I’m short between the knees and the floor so I avoid capris. When I wear them my legs appear much shorter than my torso causing my body to be out of balance.

Do you have long areas? Place your horizontal lines in these areas because they will help this area appear more balanced.

I wear a lot of wide belts and whenever I wear them I always get a lot of compliments. The belt creates a horizontal line between my bust and waist causing my torso to be more in balance with my legs.

horizontal lines shorten

Placement of Vertical Lines

With respect to vertical lines, place them in short areas. By doing this these areas appear longer.

Even before I knew my legs are shorter than my torso, I always wore my trousers with a center crease. This center crease acts like a vertical line creating length in my legs.

Vertical line lengthen

Go To Closet

Go to your closet and put on that outfit you love to wear. Note the horizontal line and vertical line placement.

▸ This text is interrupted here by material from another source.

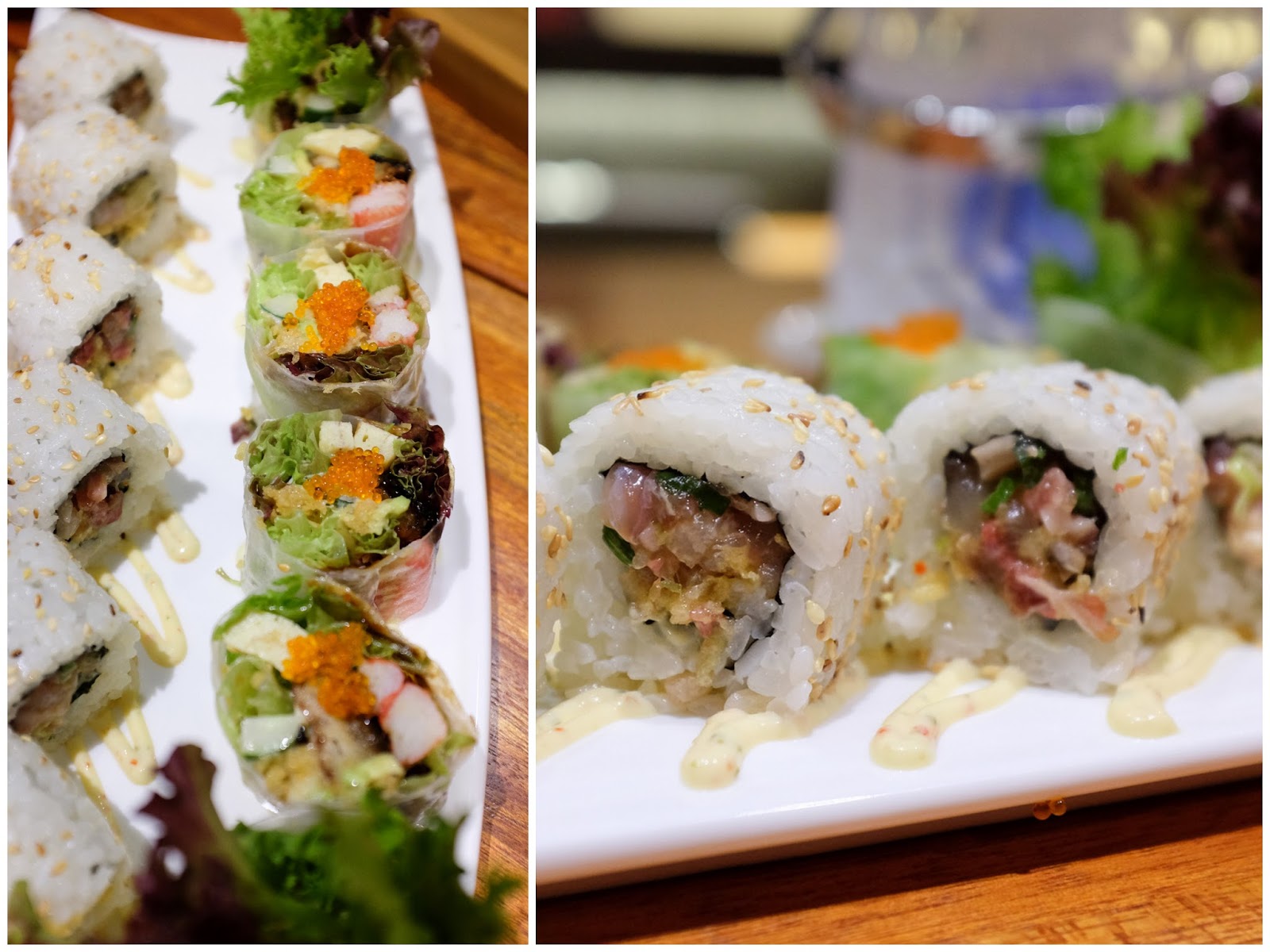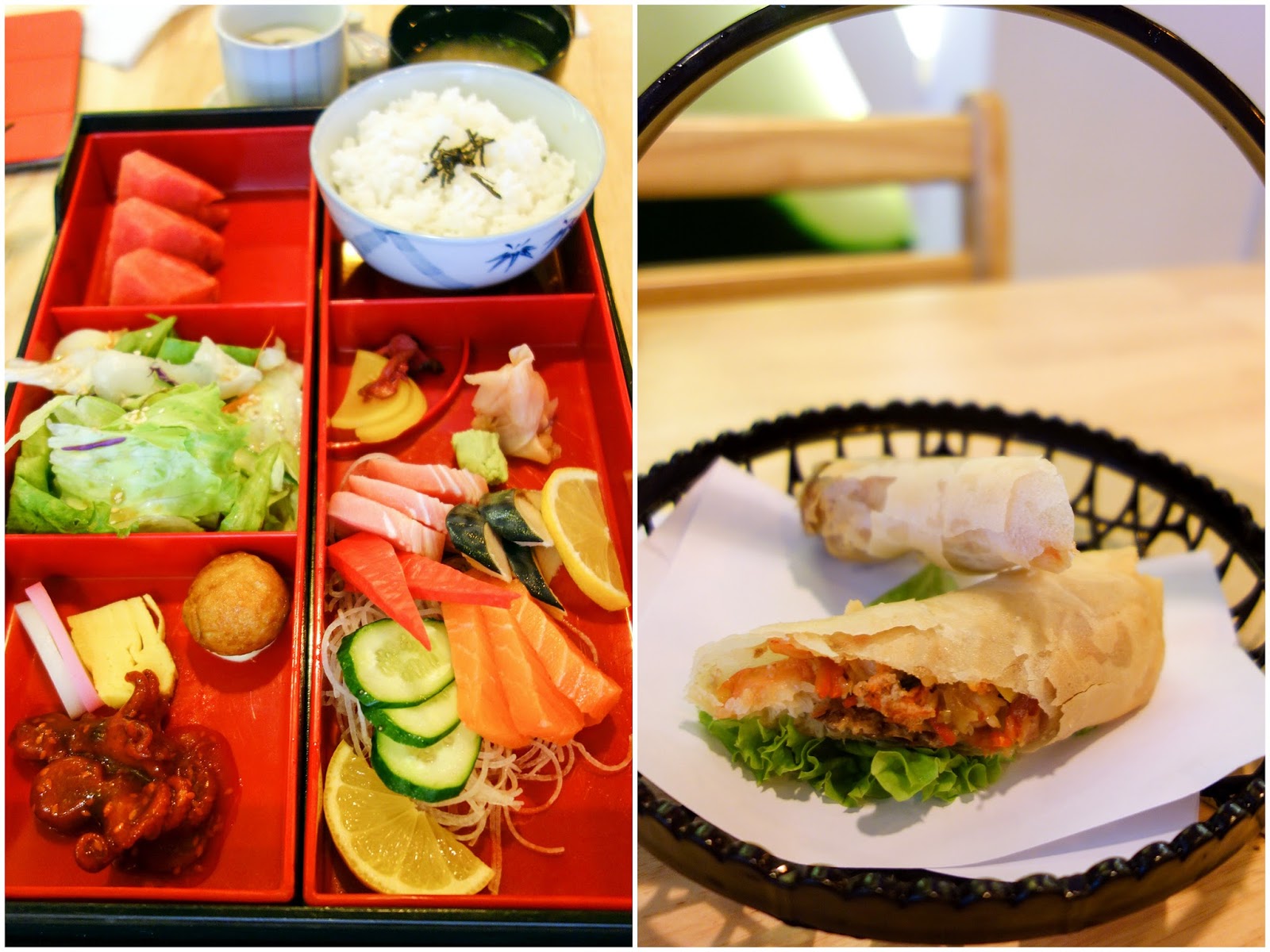 A meal at Moriawase may comprise a sashimi bento, soft-shell crab spring roll, cherry tomatoes stuffed with crab meat, tuna-packed rice paper rolls, & lemongrass-grilled salmon - it's a struggle however to summon up compliments for these creations.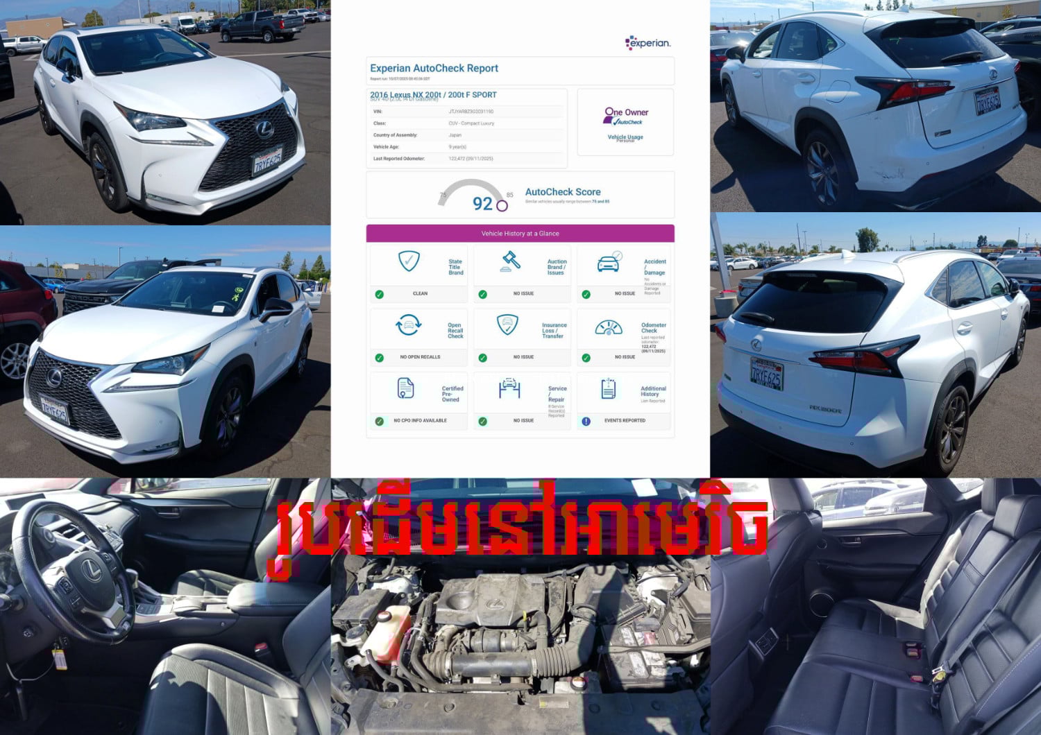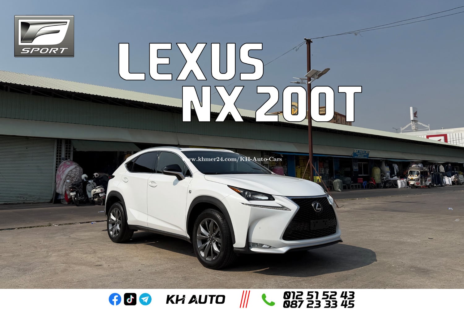 KH Auto សូមស្វាគមន៍🙏 💵តំលៃត្រឹមតែ : $42800 (ឡានក្រដាសពន្ធ) 🚘ម៉ូឌែល(Model) : LEXUS NX 200T F-Sport ប្រភេទមេឡាន 🚘ឆ្នាំផលិត(Year) : 2016 🚘ពណ៌ខាងក្រៅ (Exterior) : White (ស) 🚘ពណ៌ខាងក្នុង (Interior) : Black (ខ្មៅ) 🚘ប្រភេទប្រេងឥន្ធនៈ (Fuel) : សាំង 💸ការធានារយៈពេលមួយខែទៅលើ 🎉ម៉ាស៊ីន 🎉ប្រអប់លេខ 🎉អាគុយ 🎉ABS 💸ទិញចូល លក់ចេញ និង បង់រំលស់ 📞ព័ត៌មានលម្អិត សូមទំនាក់ទំនងមកកាន់ KH Auto➗ 📲012515xxxClick To Call (Telegram) 📲087233xxxClick To Call (Telegram) 📲077228xxxClick To Call (中文) 🏦ទីតាំងនៅជិតភ្លើងស្តុបទេពផន🙏។

Ask yourself the following questions:

  • Are there horizontal lines in your short areas? 
  • Do horizontal lines land in areas that are same or long? 
  • In your short areas, do you find vertical lines?
  • Does this outfit create an overall balanced look?

Note the placement of horizontal and vertical lines. This is your guide when buying future clothes.

Now put on outfits you don’t wear very often and look at the horizontal line placement. There are three reasons why you don’t like wearing them:

  • Horizontal line placement
  • Vertical line placement
  • Second scale clue

Poor horizontal line placement creates the feeling of being out of balance.

Scale -- Second Clue

Body proportion gives you the second of three scale clues. This clue tells you the scale of prints and accessories in a particular area. For example, the length between your chin and bust affects the scale of your necklace.

The overall scale increases or decreases depending if you’re short or long in a particular area:

  • Short body proportion — scale decreases
  • Long body proportion — scale increases

If you are short between your chin and bust, you decrease the size of your necklace. On the other hand being long between your chin and bust, you increase the size of your necklace.

necklace scale body proportion

Go back to your notes above and add further notes to decrease scale in short areas and increase scale in long areas. Save this information for the post on bringing all three scale clues together.

Now you understand the clues your body proportions give you:

  • Placement of horizontal lines
  • Placement of vertical lines
  • Second scale clue

Just understanding the placement of horizontal lines will go a long way in creating a closet full of clothes you love to wear.

Did you have any “ah ha” moments, like I did, when understanding your body proportions? Share your “ah ha” moment in the comments below.

The next post will be the last body element: Body Frame Size.

Wear Your Greatness!!

2 thoughts on “Body Proportions — Out Of Balance?”

  1. Tracy S Oliver

    Hi Joy, Here is what I got:
    Body Proportion:
    Head to Chin: Short 7 1/2
    Chin to Nipple: Short 8 1/2
    Nipple to Waist: Short 7 1/2
    Waist to Crotch: Long 10
    Crotch to Knee: Long 10 1/2
    Dress pants with crease down the front-no pockets on front
    Dress pants free flowing with no crease, straight vertical lines
    Jeans: all fit lousy. Low rise doesn’t work as I have no hips (waist 36, hip 36, not good-sad face here)
    Tops: mostly solids, some small prints, scattered patterns
    Colors: Pinks, white, blues, greens (not lime), teal, reds
    Cuts: Rounded neck, some with a collar,

    1. Excellent job Tracy. Understanding your body proportions lets you know very few horizontal lines above your waist and use them between your waist and knees. You might think having no hips is a bad thing but you will have an easier time finding pants that fit because the fashion industry designs for this shape. The key is to look for the manufacturer who design for your curves.